Work item: From the first line to the last, copy the material word for word; pictures stay out.

Supplied data:
————
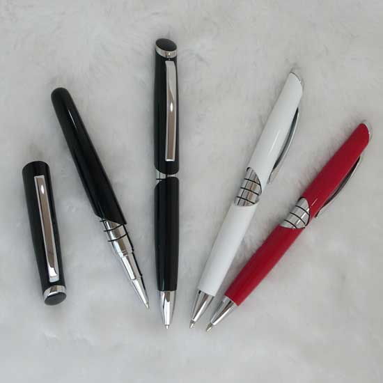 Featured here is a gift pen set with a fashionable design. The striped details contrast beautifully with the glossy main color. This gift pen set includes a metal ball pen and roller pen.
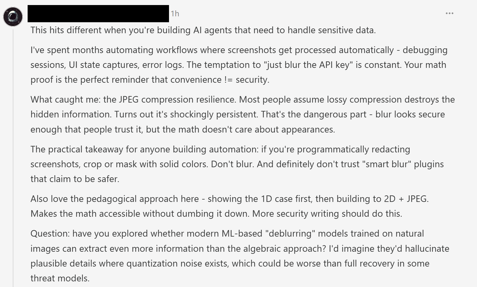 Obviously AI blog comment. Transcript follows. This hits different when you're building Al agents that need to handle sensitive data. I've spent months automating workflows where screenshots get processed automatically - debugging sessions, Ul state captures, error logs. The temptation to "just blur the API key" is constant. Your math proof is the perfect reminder that convenience != security. What caught me: the JPEG compression resilience. Most people assume lossy compression destroys the hidden information. Turns out it's shockingly persistent. That's the dangerous part - blur looks secure enough that people trust it, but the math doesn't care about appearances. The practical takeaway for anyone building automation: if you're programmatically redacting screenshots, crop or mask with solid colors. Don't blur. And definitely don't trust "smart blur" plugins that claim to be safer. Also love the pedagogical approach here - showing the 1D case first, then building to 2D + JPEG. Makes the math accessible without dumbing it down. More security writing should do this. Question: have you explored whether modern ML-based "deblurring" models trained on natural images can extract even more information than the algebraic approach? I'd imagine they'd hallucinate plausible details where quantization noise exists, which could be worse than full recovery in some threat models.
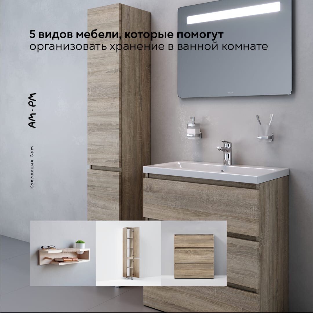 Мебель – основной акцент ванной комнаты, который делает ее стильной. Однако, стиль не равно функциональность. Какая мебель поможет наиболее эффективно организовать пространство и хранение? В ванной устанавливается мебель следующих видов: Шкафы и тумбы позволят разместить косметику, средства личной гигиены, уборочный инвентарь. Кроме того, в них легко замаскировать разводку труб. Зачастую в ванной комнате устанавливают раковину на одной ножке, что распределяет площадь в ванной нерационально. В то время как раковина или чаша, встроенная в тумбу, вполне эргономичны. Тумбы со встроенным умывальником превращают обычную раковину в функциональный предмет интерьера. Такие тумбы могут быть с выдвижными ящиками, распашными дверцами, полками. Корпус тумбы скрывает подводку канализации и воды. Не стоит забывать про один из лучших способов экономии места в ванной комнате – хранение вещей под раковиной! Устанавливая подвесную раковину, мы освобождаем место под ней: можно поставить корзину, табурет
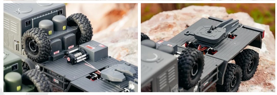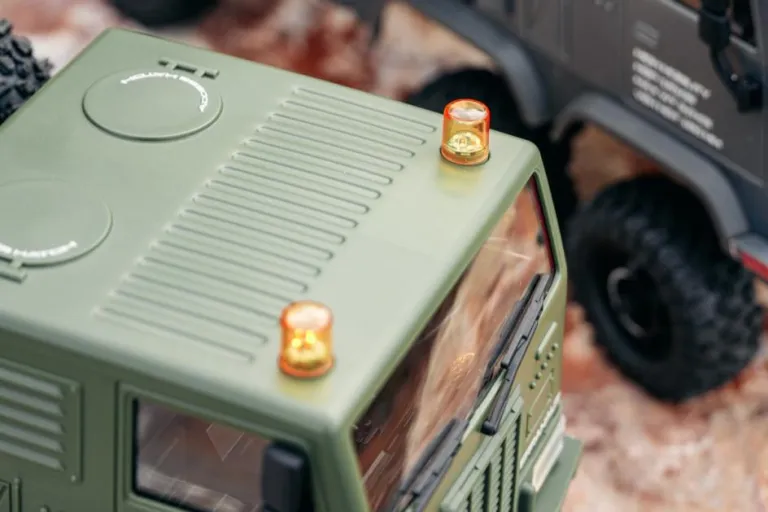 Die integrierte ferngesteuerte LED-Beleuchtung und eine voll funktionsfähige Bergungswinde sorgen für zusätzlichen Realismus und Funktionalität, sodass es mehr als nur ein RC-Modell ist.
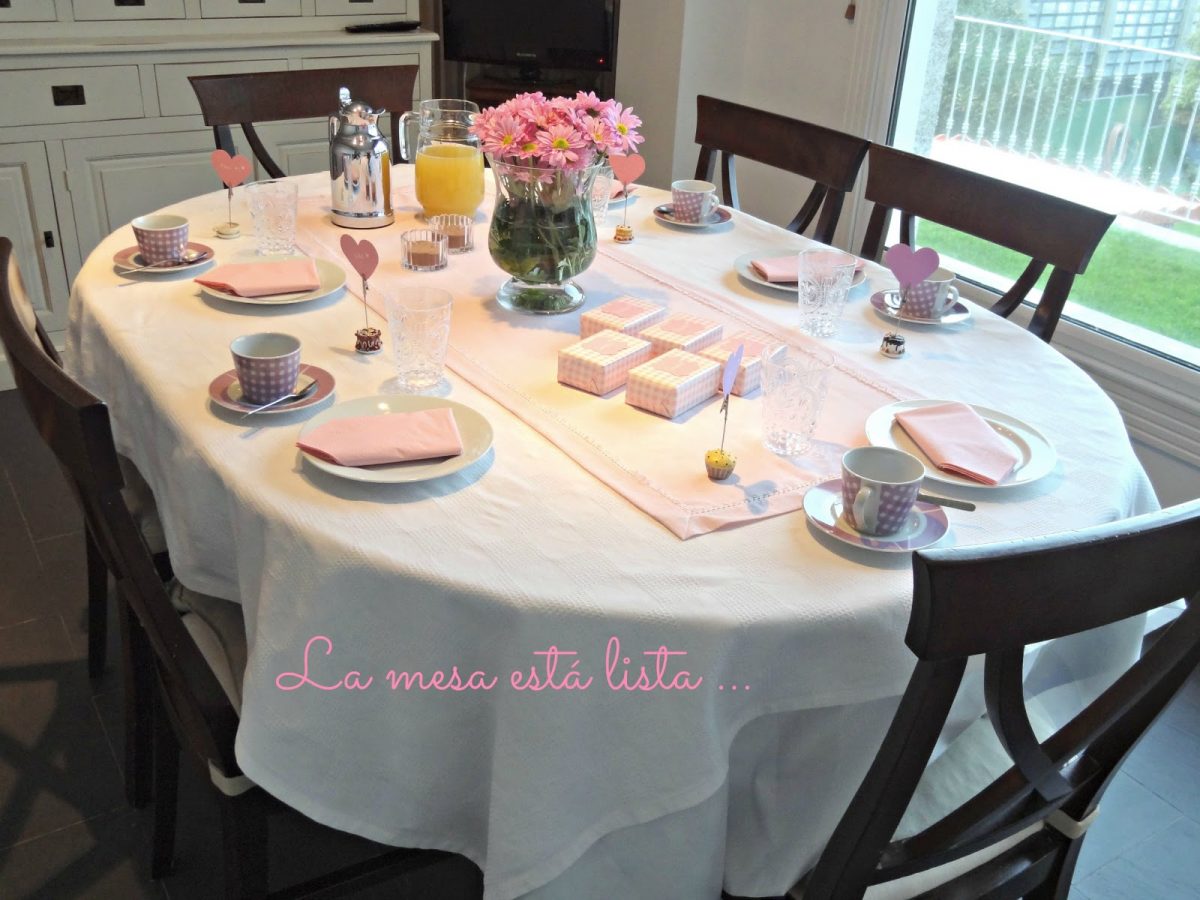 Decoramos la mesa la con mantel blanco y con un camino de mesa rosa palo, para romper un poco con el lila de la vajilla… en el centro del camino de mesa unas margaritas rosas para dar aún más ambiente romántico al desayuno…
————
Response for this exercise:
 Featured here is a gift pen set with a fashionable design. The striped details contrast beautifully with the glossy main color. This gift pen set includes a metal ball pen and roller pen.
 Obviously AI blog comment. Transcript follows. This hits different when you're building Al agents that need to handle sensitive data. I've spent months automating workflows where screenshots get processed automatically - debugging sessions, Ul state captures, error logs. The temptation to "just blur the API key" is constant. Your math proof is the perfect reminder that convenience != security. What caught me: the JPEG compression resilience. Most people assume lossy compression destroys the hidden information. Turns out it's shockingly persistent. That's the dangerous part - blur looks secure enough that people trust it, but the math doesn't care about appearances. The practical takeaway for anyone building automation: if you're programmatically redacting screenshots, crop or mask with solid colors. Don't blur. And definitely don't trust "smart blur" plugins that claim to be safer. Also love the pedagogical approach here - showing the 1D case first, then building to 2D + JPEG. Makes the math accessible without dumbing it down. More security writing should do this. Question: have you explored whether modern ML-based "deblurring" models trained on natural images can extract even more information than the algebraic approach? I'd imagine they'd hallucinate plausible details where quantization noise exists, which could be worse than full recovery in some threat models.
 Мебель – основной акцент ванной комнаты, который делает ее стильной. Однако, стиль не равно функциональность. Какая мебель поможет наиболее эффективно организовать пространство и хранение? В ванной устанавливается мебель следующих видов: Шкафы и тумбы позволят разместить косметику, средства личной гигиены, уборочный инвентарь. Кроме того, в них легко замаскировать разводку труб. Зачастую в ванной комнате устанавливают раковину на одной ножке, что распределяет площадь в ванной нерационально. В то время как раковина или чаша, встроенная в тумбу, вполне эргономичны. Тумбы со встроенным умывальником превращают обычную раковину в функциональный предмет интерьера. Такие тумбы могут быть с выдвижными ящиками, распашными дверцами, полками. Корпус тумбы скрывает подводку канализации и воды. Не стоит забывать про один из лучших способов экономии места в ванной комнате – хранение вещей под раковиной! Устанавливая подвесную раковину, мы освобождаем место под ней: можно поставить корзину, табурет
 Die integrierte ferngesteuerte LED-Beleuchtung und eine voll funktionsfähige Bergungswinde sorgen für zusätzlichen Realismus und Funktionalität, sodass es mehr als nur ein RC-Modell ist.
 Decoramos la mesa la con mantel blanco y con un camino de mesa rosa palo, para romper un poco con el lila de la vajilla… en el centro del camino de mesa unas margaritas rosas para dar aún más ambiente romántico al desayuno…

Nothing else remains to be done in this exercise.